What is expected. Down to the last line, restate the records word for word, but not the pictures.

[Saved entries]
::::::::::

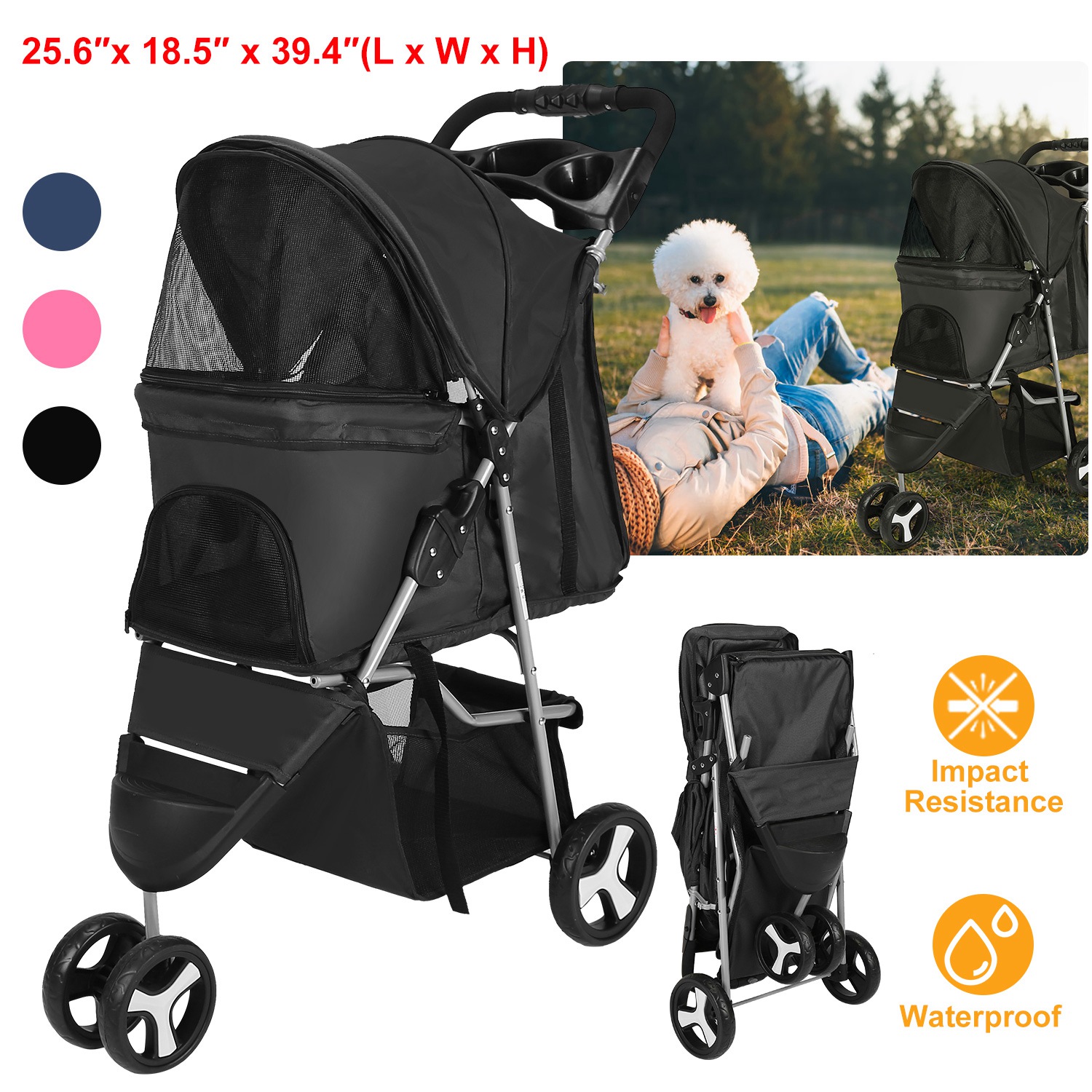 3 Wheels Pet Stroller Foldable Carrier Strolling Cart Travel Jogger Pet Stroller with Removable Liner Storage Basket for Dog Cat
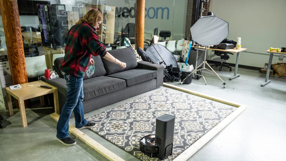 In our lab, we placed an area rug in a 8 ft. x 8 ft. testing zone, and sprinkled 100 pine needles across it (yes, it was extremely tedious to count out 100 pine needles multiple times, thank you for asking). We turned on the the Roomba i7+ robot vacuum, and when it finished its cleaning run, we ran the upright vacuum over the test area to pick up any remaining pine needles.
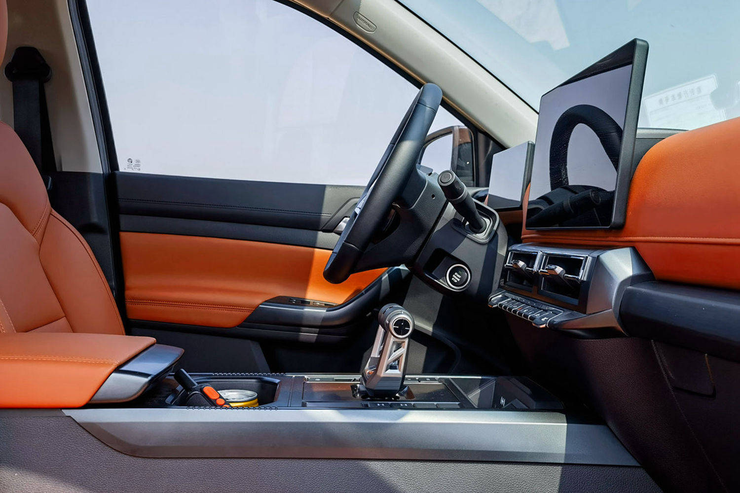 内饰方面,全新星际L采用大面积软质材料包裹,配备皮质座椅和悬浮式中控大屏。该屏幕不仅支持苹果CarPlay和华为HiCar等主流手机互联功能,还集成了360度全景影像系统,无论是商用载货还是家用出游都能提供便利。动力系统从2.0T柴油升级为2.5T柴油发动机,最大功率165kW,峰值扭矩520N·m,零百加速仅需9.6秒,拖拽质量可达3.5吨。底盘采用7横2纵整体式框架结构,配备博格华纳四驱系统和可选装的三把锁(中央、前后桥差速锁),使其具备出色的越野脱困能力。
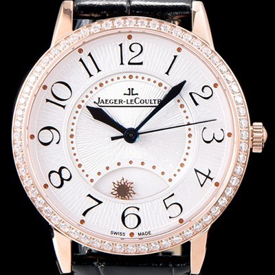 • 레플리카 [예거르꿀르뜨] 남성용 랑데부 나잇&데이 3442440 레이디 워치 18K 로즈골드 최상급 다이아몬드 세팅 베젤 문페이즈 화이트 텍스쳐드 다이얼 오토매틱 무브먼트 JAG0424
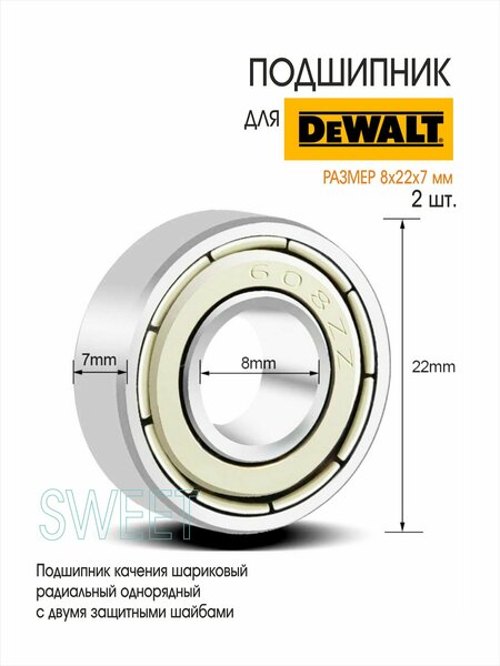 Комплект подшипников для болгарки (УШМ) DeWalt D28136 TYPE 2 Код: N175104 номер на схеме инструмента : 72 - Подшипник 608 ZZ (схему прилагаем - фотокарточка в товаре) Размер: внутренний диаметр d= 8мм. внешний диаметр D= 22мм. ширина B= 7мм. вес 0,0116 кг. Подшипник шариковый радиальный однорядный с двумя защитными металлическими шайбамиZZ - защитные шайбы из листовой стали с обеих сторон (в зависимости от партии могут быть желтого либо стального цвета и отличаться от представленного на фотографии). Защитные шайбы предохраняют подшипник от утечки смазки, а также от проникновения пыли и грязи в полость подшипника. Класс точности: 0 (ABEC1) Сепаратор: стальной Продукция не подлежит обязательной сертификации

::::::::::

Task output.
 3 Wheels Pet Stroller Foldable Carrier Strolling Cart Travel Jogger Pet Stroller with Removable Liner Storage Basket for Dog Cat
 In our lab, we placed an area rug in a 8 ft. x 8 ft. testing zone, and sprinkled 100 pine needles across it (yes, it was extremely tedious to count out 100 pine needles multiple times, thank you for asking). We turned on the the Roomba i7+ robot vacuum, and when it finished its cleaning run, we ran the upright vacuum over the test area to pick up any remaining pine needles.
 内饰方面,全新星际L采用大面积软质材料包裹,配备皮质座椅和悬浮式中控大屏。该屏幕不仅支持苹果CarPlay和华为HiCar等主流手机互联功能,还集成了360度全景影像系统,无论是商用载货还是家用出游都能提供便利。动力系统从2.0T柴油升级为2.5T柴油发动机,最大功率165kW,峰值扭矩520N·m,零百加速仅需9.6秒,拖拽质量可达3.5吨。底盘采用7横2纵整体式框架结构,配备博格华纳四驱系统和可选装的三把锁(中央、前后桥差速锁),使其具备出色的越野脱困能力。
 • 레플리카 [예거르꿀르뜨] 남성용 랑데부 나잇&데이 3442440 레이디 워치 18K 로즈골드 최상급 다이아몬드 세팅 베젤 문페이즈 화이트 텍스쳐드 다이얼 오토매틱 무브먼트 JAG0424
 Комплект подшипников для болгарки (УШМ) DeWalt D28136 TYPE 2 Код: N175104 номер на схеме инструмента : 72 - Подшипник 608 ZZ (схему прилагаем - фотокарточка в товаре) Размер: внутренний диаметр d= 8мм. внешний диаметр D= 22мм. ширина B= 7мм. вес 0,0116 кг. Подшипник шариковый радиальный однорядный с двумя защитными металлическими шайбамиZZ - защитные шайбы из листовой стали с обеих сторон (в зависимости от партии могут быть желтого либо стального цвета и отличаться от представленного на фотографии). Защитные шайбы предохраняют подшипник от утечки смазки, а также от проникновения пыли и грязи в полость подшипника. Класс точности: 0 (ABEC1) Сепаратор: стальной Продукция не подлежит обязательной сертификации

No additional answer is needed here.